И брат, и его жена Вера –женщина тридцати шести лет, невысокая,  симпатичная, с хорошей фигурой, были дома.
- В гости приехал, братан? – говорил он глухим голосом. Его могучая длань накрыла мою изящную кисть.   
     Во внешности у нас  с братом было много общего – средний рост, широкие лица, карие глаза. Но были и значительные отличия: он был невероятно толст, у  него был могучий кулак, ширококостная кисть,  полное, рано состарившееся лицо землистого цвета, вставные зубы,  я был лишь слегка полноват, у меня у меня изящные длинные пальцы, тонкая кисть,   здоровый цвет лица, натуральные ровные белые зубы.
  Мы с братом  сходили в магазин, купили две бутылки водки, закуски.
 Втроем сели за стол.  Выпили, закусили.  Закуска   состояла из колбасы,  котлет, маринованных огурцов и помидор, чая и булок. 
  Водка быстро затуманила сознание. Когда я пьянею, у меня появляется сентиментальное настроение, появляется желание жаловаться.     Когда  вторая бутылка подходила к концу, мне захотелось излить душу. 
  - Тебе повезло, - сказал я брату, когда мы обменялись общими фразами. – Тебя любил отец, меня он ненавидел. На меня был направлен весь гнев   матери, а тебя она щадила. Я пережил смерть отца,  для меня это было страшное потрясение. Ты тогда был маленький, и воспринял похороны отца как представление. На моих глазах умерла мать. Это тоже  подействовало на меня угнетающе.  Почему у меня такая судьба? Почему удар пришелся на меня одного?
  Меня охватило волнение, обида, злость. Из меня выплескивались обида, злость, досада. Вместе с тем в глубине души я был ироничным,  я играл роль.

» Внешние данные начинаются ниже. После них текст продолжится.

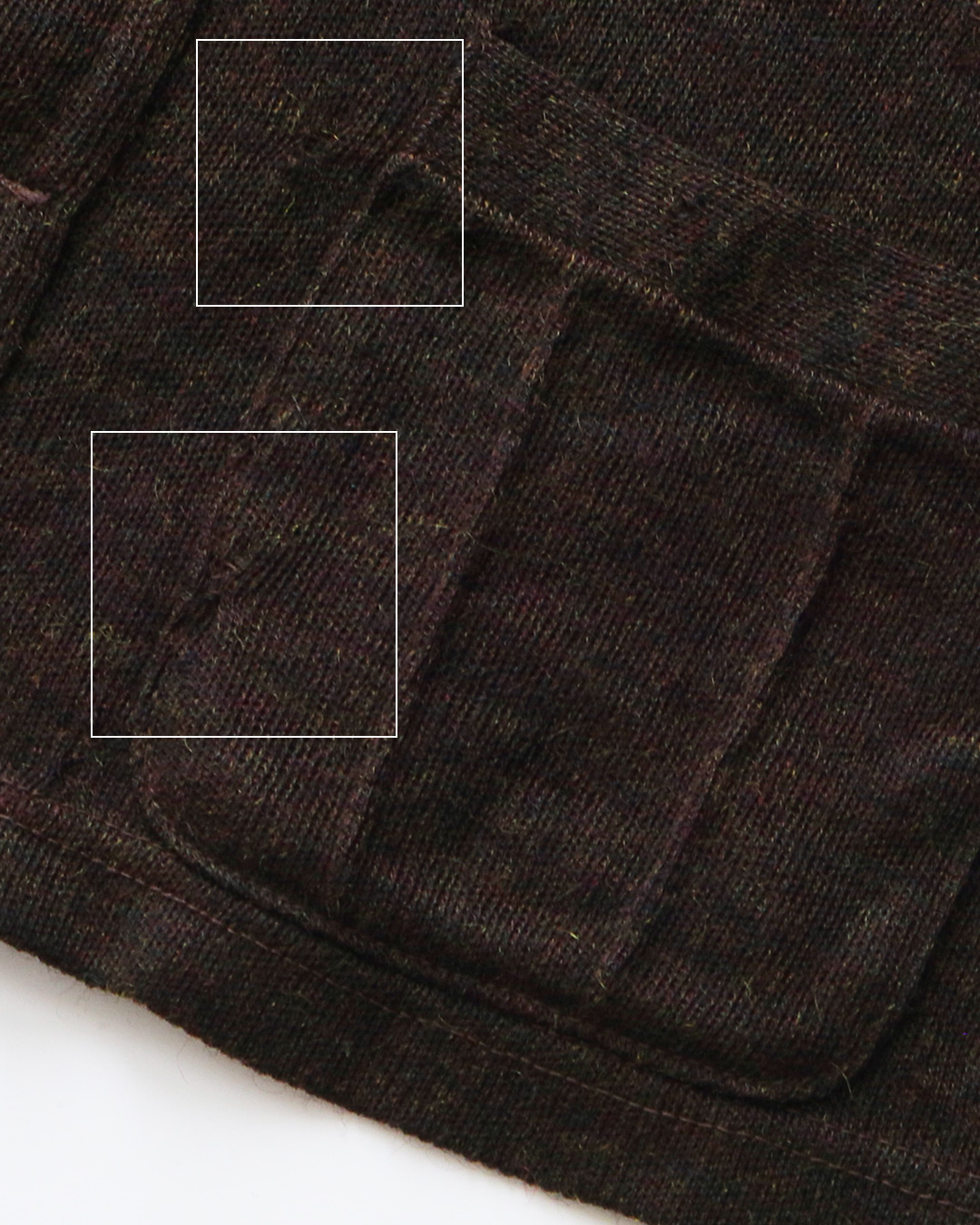 裾にパッチポケットがつき、両肘には、裏側からリブ編みの生地が張られた肘当てがついています。

  - Один раз отец сказал при мне матери: «Вот этот сын – мой, - и показал на тебя, - А вот этот – он посмотрел на меня не мой».  Помню, как мне было стыдно, как я покраснел.  А мать! Когда был жив отец, она защищала меня от него.   Но как только он умер, свой гнев, она стала направлять на меня.  Каждый день крики, визг, истерика.  Изо дня в день, из года в год. Не было дня, чтобы она не наорала на меня. Бывало, выскочу из дома и думаю: «Что делать? Куда бежать? Убегу из дома, но ведь надо ж есть, где-то ночевать. Рано или поздно вернут домой. Успокоюсь и домой возвращаюсь. Уже в классе десятом  после очередной ее вспышки я крикнул ей в лицо: «Ты добилась того, что я тебя ненавижу!» 
  Юрка до этого момента слушал молча, но после моих признаний (признаю, циничных) вдруг взревел:
  - Ты мать ненавидишь! А чего она на тебя ругалась?  Она говорит тебе: «Иди картошку копай». А ты лежишь, книжки читаешь.
  Его крик был до такой степени угрожающим, что мы с Верой перепугались: как бы он в драку не полез, как бы бутылку не схватил.
  Вера стала его успокаивать:
 - Что ты, Юр, успокойся, брат с тобой поделился переживаниями, а ты кричишь.
- Успокойся. Это дела давно ушедших дней. Еще не хватало, чтобы ты еще драться начал, - проговорил я.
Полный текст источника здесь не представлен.